DharmaHere is an even older book I found at the bookstore in Las Vegas, New Mexico, Poetry from the Fields of Dharma by Thomas Reidy. This is a local Santa Fe book so if you live here you know what that means, every poem is centered on the page and an amateurish feel to the production. It feels very local but that never means it can’t be good. 

There also is a plethora of Buddhist/Zen-inspired, retired-boomer Santa Fe poets. Like…a lot. But I keep picking them up because once in a while that particular brand of New Mexico Zen will bloom out of some unsuspecting self-obsession. In any case Thomas Reidy, an architect/builder, does a much better than average job at turning on his guru poet with the requisite modesty, and not just lip-service to humility:

“I will walk with you/for I have fallen enough to know that my perfect self/is dust.”

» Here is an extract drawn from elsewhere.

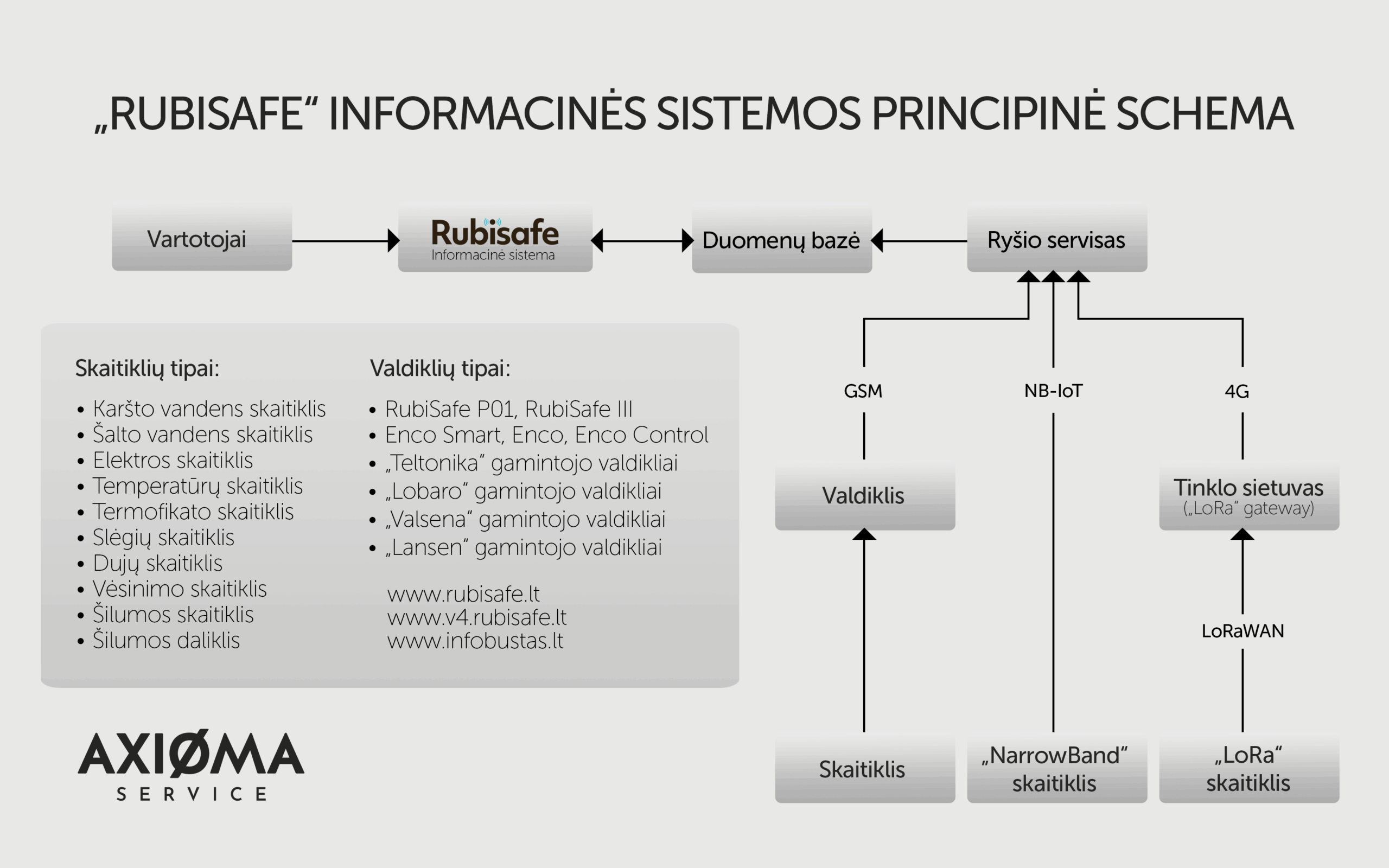 „Rubisafe“ – tai centralizuota informacinė sistema, skirta nuotoliniam karšto ir šalto vandens, elektros energijos ir kitų išteklių apskaitos duomenų surinkimui, apdorojimui ir analizei. Sistema leidžia automatizuotai nuskaityti duomenis iš įvairių skaitiklių, naudojant populiariausius ryšio kanalus: GSM, NB-IoT, 4G ir LoRaWAN.

Here’s a perfect example of his practice in practice from the poem "Rude Attitude"

"Here’s the deal:
Commenting on life
as it appears to you
changes the experience for everyone;
observing the same events
in sacred silence
changes only yourself.
If you can life with the consequent responsibility,
say what you want."

Here’s another from "The Anchor"

“Soul is the true seeker
in the ocean of love and mercy.
Mind is the sea anchor
filled with the tides of karma.
The master changes the anchor
to a sieve.”

There are also plenty of love poems here for his painter wife Noel Hudson, who illustrates the book. Some are very moving and some are a little over the top. But a bit of schmaltz is worth it for moments like this from “The Gift,”

“As I diminish/so does it grow/until, beloved,/I am not separate from any other/and I learn/that what I sought/was surrender itself.”

How often do we most fear what we most want? From “Silence,”

“Nothing is more eloquent/than/the silence of the beloved” 

I don't think he's referencing a chatty-Kathy here. I think he means that eloquent silence of speechlessness.